Между тем от Эриксона получено было донесение, что войска Вреде приближаются к Умео. Приказав отстаивать переправу через реку у этого города до последней крайности, Каменский быстро пошел за Вахтмейстером и обошел его по берегу с обоих флангов. Угрожая уничтожением, он потребовал сдачи. Тот просил предоставить ему сесть на суда, но в этом получил отказ и Русские начали успешно теснить Шведов. Однако, подойдя ближе к берегу, они должны были остановиться, так как полевая их артиллерия не могла состязаться с морскими орудиями Шведов; но засевшие по берегу стрелки успешно делали свое дело и постоянно тревожили неприятельский десант во время посадки. На другой день Вахтмейстер приехал для переговоров. Каменский признавал перемирие возможным на том условии, чтобы шведские суда ушли на юг от Кваркена, что было ему необходимо, так как корпус его был почти без хлеба и патронов. Вахтмейстер обратился за разрешением к адмиралу Пуке, но на другой день прислал отказ, и флот его потянулся по направлению к Умео, на соединение остатков десанта с войсками гр. Вреде.
Таким образом, Каменскому удалось расстроить план неприятеля. Победа при Севаре и Ратане осталась на стороне Русских, но стоила дорого: генерал Готовцев убит, Алексеев — ранен; убито и ранено 37 офицеров и до 1. 500 нижних чинов: из строя выбыла четвертая часть. У Шведов пало и взято в плен до 2. 000.
Пока происходили эти кровавые битвы, оставленный на берегу Умео отряд Эриксона, как ему приказано было, маневрировал против войск гр. Вреде. Передовые его части довольно долго удерживали шведских стрелков[141]; при наступлении же затем главных колонн отошли за реку и развели мост. Канонада с обеих сторон продолжалась весь день. Узнав затем о неудаче Пуке и Вахтмейстера, Вреде приостановил на несколько дней наступление, поджидая флота.

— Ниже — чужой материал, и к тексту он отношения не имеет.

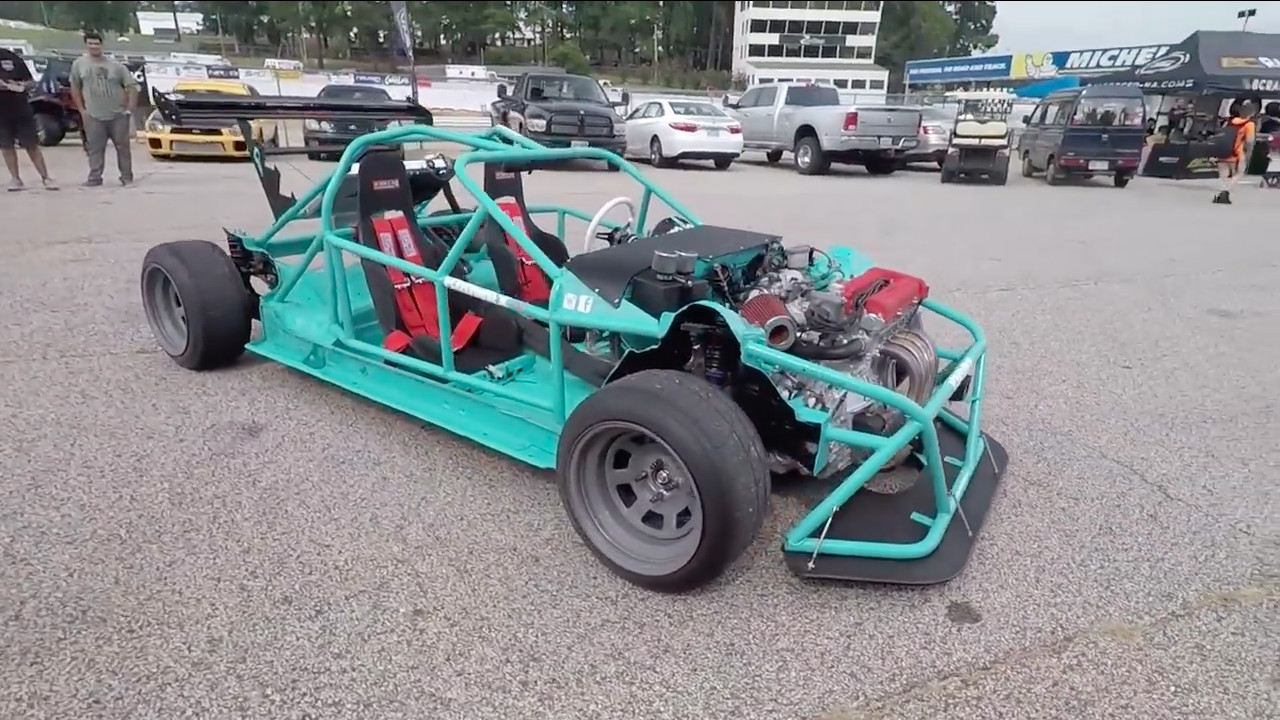 In the pursuit of being lightweight, however, this X-Tegra loses two key elements important in a modern race car or track toy: Aerodynamic downforce, and structural rigidity. According to a comment on the driving experience left by Matt on Reddit, the front end started to get light at around 70 miles per hour, presumably due to the air rushing through what used to be an enclosed engine compartment, and into the firewall, where it has nowhere to go but down. Having a splitter up front to add frontal downforce isn’t of much use when there is something that counteracts it immediately to its rear.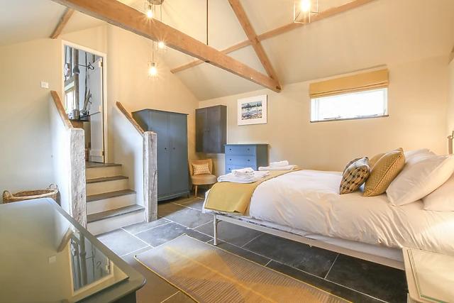 The open-plan living area, with its high ceilings and exposed beams, blends historical elegance with modern comforts.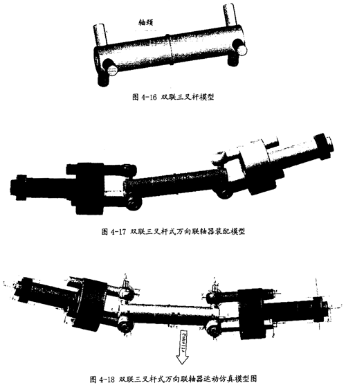 在本次分析中,建立的裝配模型是在第三章中圖3-2所示的模型的基礎(chǔ)上除去關(guān)節(jié)軸承,將三叉桿用圖4-16所示的雙聯(lián)三叉桿替換,在此模型的右端再加上同左端相同的結(jié)構(gòu),就得到雙聯(lián)三叉桿式萬(wàn)向聯(lián)軸器的裝配模型。此模型如圖4-17所示。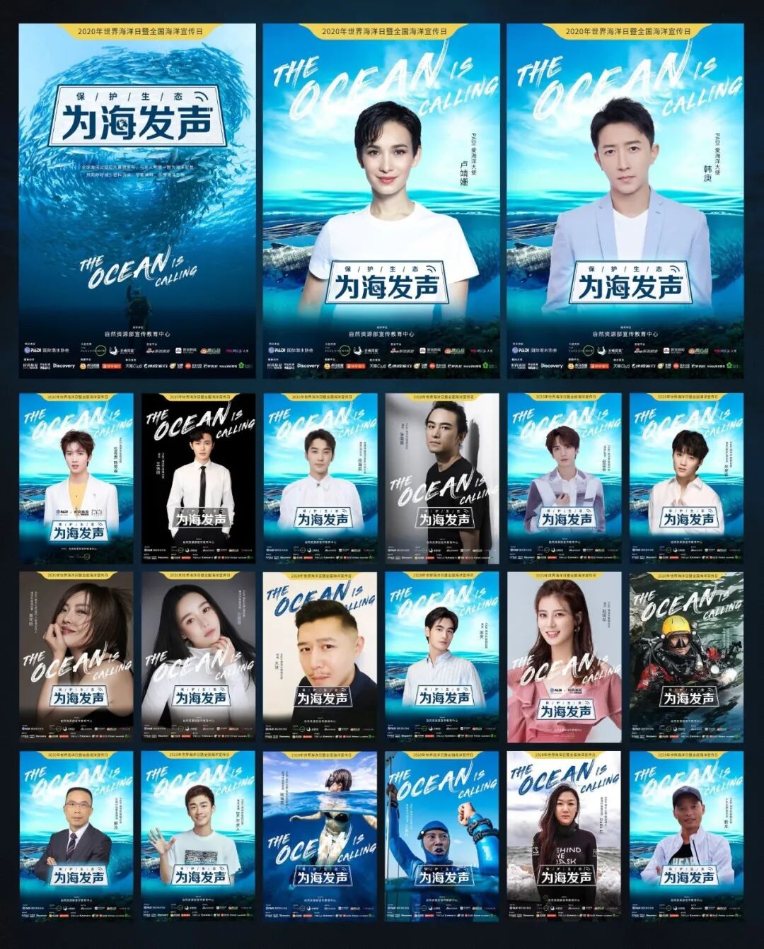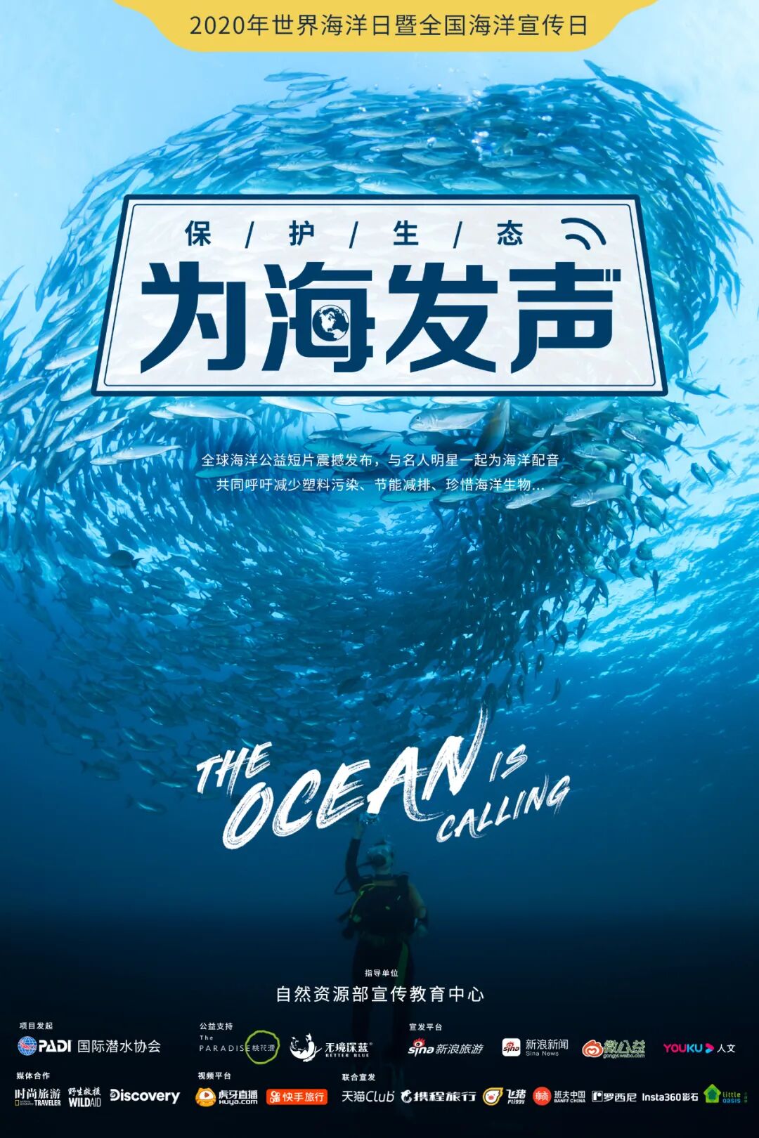 世界海洋日,PADI发布了《The Ocean is Calling》全球海洋公益片,由 PADI 爱海洋大使卢靖姗、韩庚领衔配音; PADI 潜水大使:唱作人/双语主持人查可欣、探险家小芸豆、班夫中国创始人钱海英、旅游博主Dada LiPADI 海洋环保倡议官:演员王佑硕、演员张晓晨、作家大冰、演员邵天、演员/歌手谷蓝帝、演员/歌手俞更寅、影视编剧/潜水员刘毅、万科公益基金理事解冻、电竞主播DK-不求人、自由潜水运动员王奥林、户外主播/潜水员野龙;无境深蓝海洋青年公益大使/演员/潜水员庞瀚辰;歌手黄雅莉、演员/歌手陈宥维、演员赵昭仪等各领域影响力人物为公益片个性化配音和倡议海洋环保,并在社交媒体上发起网友配音互动的活动。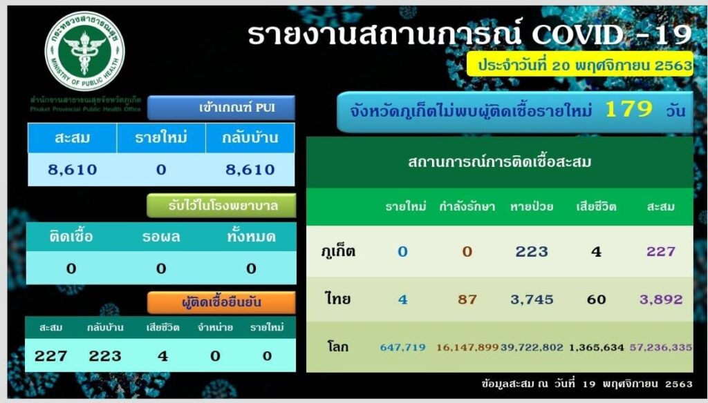 วันที่ 20 พฤศจิกายน พ.ศ. 2563จังหวัดภูเก็ต ดำเนินการตามมาตรการควบคุมและป้องกันการแพร่กระจายเชื้อโรควัสโคโรน่า COVID-19 มีขั้นตอนการดูแลผู้ที่เดินทางกลับจากต่างประเทศอย่างเคร่งครัดและต่อเนื่อง โดยได้ดูแลจัดให้เข้าพักในสถานที่กักตัวที่จังหวัดจัดเตรียมไว้ทั้ง local Quarantine และ Alternative Local Quarantine เป็นเวลา 14 วัน ตามระบบขั้นตอนทุกราย มีการปฐมนิเทศผู้เข้าพักกักตัว ส่งตรวจหาเชื้อ Covid – 19 ทุกราย รายละ 2 ครั้ง เพื่อให้เกิดความมั่นใจในการหยุดการแพร่กระจายเชื้อต่อในชุมชน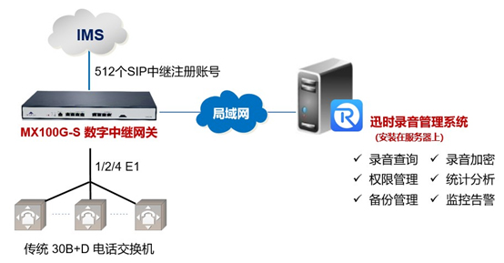 迅時(shí)數(shù)字中繼網(wǎng)關(guān)提供1/2/4個(gè)E1接口和512個(gè)SIP中繼賬號(hào)注冊,幫助企業(yè)原有30B+D設(shè)備接入運(yùn)營商IMS平臺(tái)。所有經(jīng)過迅時(shí)數(shù)字中繼網(wǎng)關(guān)的通話直接生成錄音,并將錄音文件存儲(chǔ)在服務(wù)器上,通過迅時(shí)錄音管理系統(tǒng)對錄音進(jìn)行集中管理。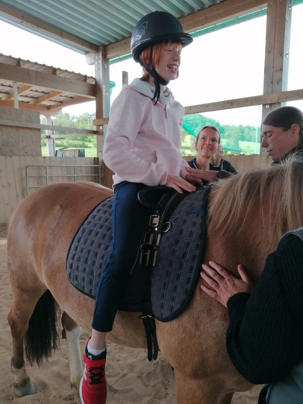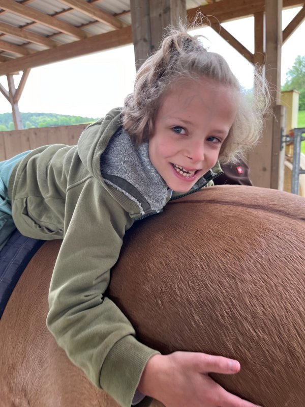 Mutig, wie wir ihn kennen, ließ sich Lennox trotz und mit seiner Hörsehbehinderung auf das Reiten ein. Lea ist schon erfahren und trug stolz ihre eigene Reithose und natürlich Helm. Aus dem Rolli in den Sattel ließ sich auch Lucas helfen und alle waren erstaunt, wie aufrecht er saß und wie sicher er sich festhielt. Auch Evan vom Titelbild legte sich nach einer ausgiebigen Annäherung so entspannt auf Cinderella, dass er mit den Bewegungen des Pferdes im Einklang war.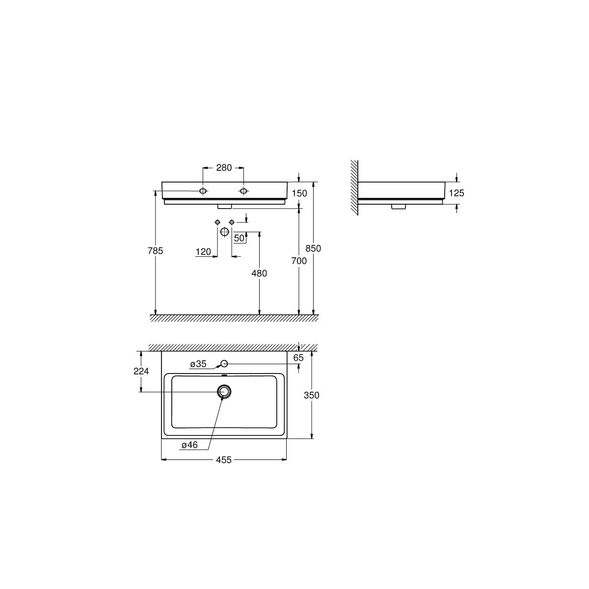 Grohe Cube Ceramic Waschbecken 45.5x35 cm rechteckig Klassisch weiß 3948300H

Как ни решительны были одержанные графом Каменским победы, однако он вынужден был предпринять то, за что Алексееву грозили судом. Он не мог более держаться без хлеба и зарядов; план его был отойти к северу, с тем, чтобы запастись там всем необходимым, и потом возвратиться назад. Надежды на подвозы морем не было почти никакой: Ботнический залив оставался по-прежнему в руках Шведов.
Не беспокоимый неприятелем русский отряд тронулся в путь 12-го августа, а 18-го числа был уже в Питео. Здесь по счастью он нашел прибывшие из Улеаборга обозы. Снабдив войска и дав им отдохнуть, он 21-го предпринял обратное движение в Умео. Но на пути Каменский был встречен генералом Сандельсом, приехавшим с полномочием заключить перемирие. Оно было подписано в тот же день, и для скорости отправлено к Барклаю-де-Толли на шведском парламентерском судне, которое должно были привезти и ответ главнокомандующего. Последний отослал условия в Петербург 27-го августа. Два дня позднее, однако, он выражал графу Румянцеву мнение, что перемирия заключать, кажется, не было нужды, и отвергал его. Впрочем, может быть, то был лишь прием воздействия при переговорах. Каменскому предписано всемерно готовиться к деятельному наступлению.
Этими приготовлениями не пришлось уже воспользоваться. 5-го сентября подписан в Фридрихсгаме мирный договор, положивший конец последней доныне войне со Швецией.